**RECORD EXCERPTS:**
'''
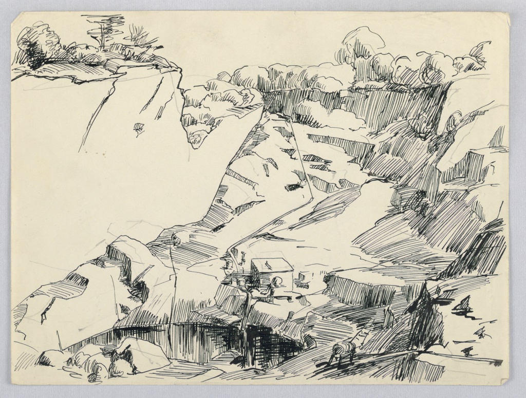 Drawing, Mining Village with Cliffs Cut Away; Florence Choate (American, 1878–1967); USA; pen and black ink, graphite on paper; 20.8 × 27.5 cm (8 3/16 × 10 13/16 in.); Gift of the Estate of Florence Choate; 1967-27-127
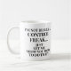 Divertida taza con texto negro en blanco, "No soy realmente un fanático del control. Déjenme mostrarles cómo hacer eso". Gran regalo de broma para el fanático del control en tu vida. Póngase en contacto con nosotros para obtener ayuda sobre la personalización o para solicitar productos coincidentes.
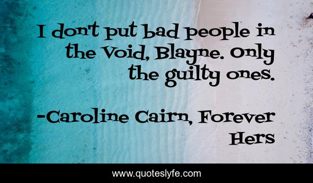 This page presents the quote "I don't put bad people in the Void, Blayne. Only the guilty ones.". Author of this quote is Caroline Cairn, Forever Hers. This quote is about angsty-love, paranormal-romance,.
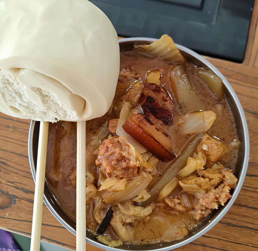 这种熬菜山西称大烩菜。豆腐,臼菜,猪肉,粉条等一起烩一大锅。盛一碗吃二馒头很实惠。也很有营养。在华北地老都很喜欢这种吃法。
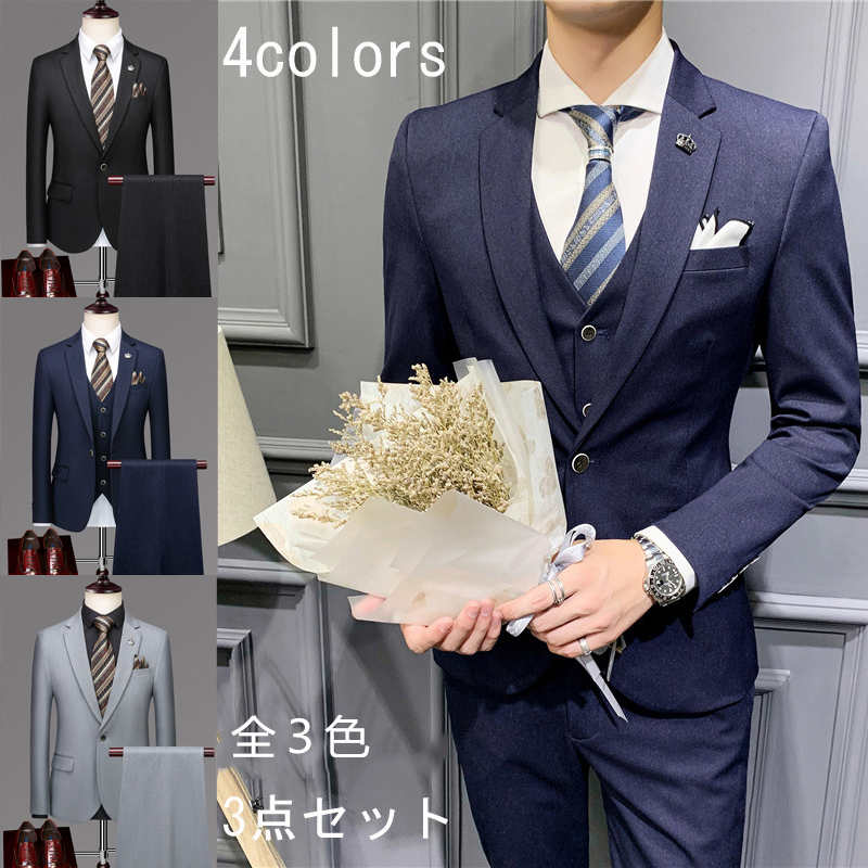 メンズスーツ ビジネススーツ 3ピーススーツ メンズ スーツ セットアップ 3点セット 長袖ジャケット+パンツ+ベスト 紳士服 レギュラー カジュアルスーツ セレモニー フォーマル 礼服 パ ビジネス
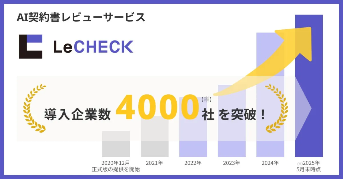 AI契約書レビューサービス「LeCHECK」は、企業法務の業務負担を軽減し、質を向上させる頼りになるパートナーです。導入数が4,000社を突破したこのサービスは、今後も企業のニーズに応え続けていくでしょう。
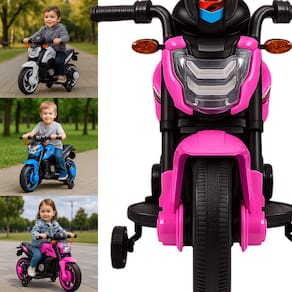 A Moto Elétrica Syren X2 12V é recomendada para crianças a partir de 3 anos e suporta até 25 kg. Ela comporta apenas 1 criança e oferece total segurança com estrutura resistente e rodas de apoio. Ideal para o uso supervisionado em locais planos, como quintais, varandas ou calçadas.
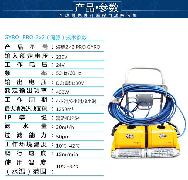 海豚2x2游泳池吸污機是以色列軍工轉(zhuǎn)民用產(chǎn)品代表,配電線防纏繞設(shè)備,配陀螺儀,標(biāo)準(zhǔn)直線行走,可爬墻清洗池壁及水線,近幾屆奧運會指定使用產(chǎn)品,全球市場份額40%。
'''
**PROBLEM DETAILS:**
Pictures stay out of the copy. Reproduce exactly the lines from the one containing "AI契約書レビューサービス「" through the last line of the records above, both included.

**RESULT:**
 AI契約書レビューサービス「LeCHECK」は、企業法務の業務負担を軽減し、質を向上させる頼りになるパートナーです。導入数が4,000社を突破したこのサービスは、今後も企業のニーズに応え続けていくでしょう。
 A Moto Elétrica Syren X2 12V é recomendada para crianças a partir de 3 anos e suporta até 25 kg. Ela comporta apenas 1 criança e oferece total segurança com estrutura resistente e rodas de apoio. Ideal para o uso supervisionado em locais planos, como quintais, varandas ou calçadas.
 海豚2x2游泳池吸污機是以色列軍工轉(zhuǎn)民用產(chǎn)品代表,配電線防纏繞設(shè)備,配陀螺儀,標(biāo)準(zhǔn)直線行走,可爬墻清洗池壁及水線,近幾屆奧運會指定使用產(chǎn)品,全球市場份額40%。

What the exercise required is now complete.